- _What you have to do_: The output should be the listing below, limited to the lines from the one with "Zeina HELOU2026-02-11T12:26:20+01:0006/11/2025| Découvrir" through the one with "Reviews CARS &", exact and without pictures.

- _Exercise materials_:
*** Begin section ***

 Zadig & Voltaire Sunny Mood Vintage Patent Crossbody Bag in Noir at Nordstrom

*** End section ***
*** Begin section ***

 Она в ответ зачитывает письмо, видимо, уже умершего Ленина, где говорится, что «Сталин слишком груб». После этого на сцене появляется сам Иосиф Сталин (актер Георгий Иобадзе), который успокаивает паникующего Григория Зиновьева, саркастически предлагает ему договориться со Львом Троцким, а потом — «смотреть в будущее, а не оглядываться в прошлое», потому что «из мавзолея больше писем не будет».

*** End section ***
*** Begin section ***

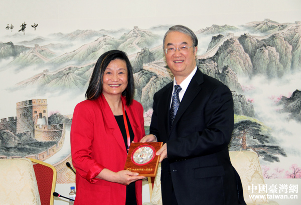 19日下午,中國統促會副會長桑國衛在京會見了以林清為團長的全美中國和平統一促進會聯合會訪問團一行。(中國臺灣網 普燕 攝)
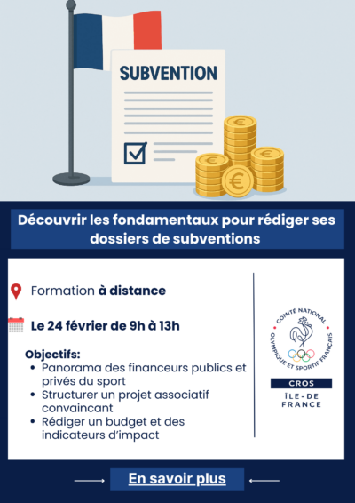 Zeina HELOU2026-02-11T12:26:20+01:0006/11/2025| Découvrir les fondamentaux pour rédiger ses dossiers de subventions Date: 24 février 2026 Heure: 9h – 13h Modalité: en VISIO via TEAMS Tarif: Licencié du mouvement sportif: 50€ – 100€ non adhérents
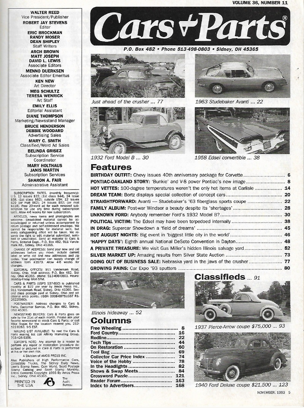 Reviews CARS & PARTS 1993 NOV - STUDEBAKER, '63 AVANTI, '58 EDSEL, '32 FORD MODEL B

*** End section ***

- _Task output_:
 Zeina HELOU2026-02-11T12:26:20+01:0006/11/2025| Découvrir les fondamentaux pour rédiger ses dossiers de subventions Date: 24 février 2026 Heure: 9h – 13h Modalité: en VISIO via TEAMS Tarif: Licencié du mouvement sportif: 50€ – 100€ non adhérents
 Reviews CARS & PARTS 1993 NOV - STUDEBAKER, '63 AVANTI, '58 EDSEL, '32 FORD MODEL B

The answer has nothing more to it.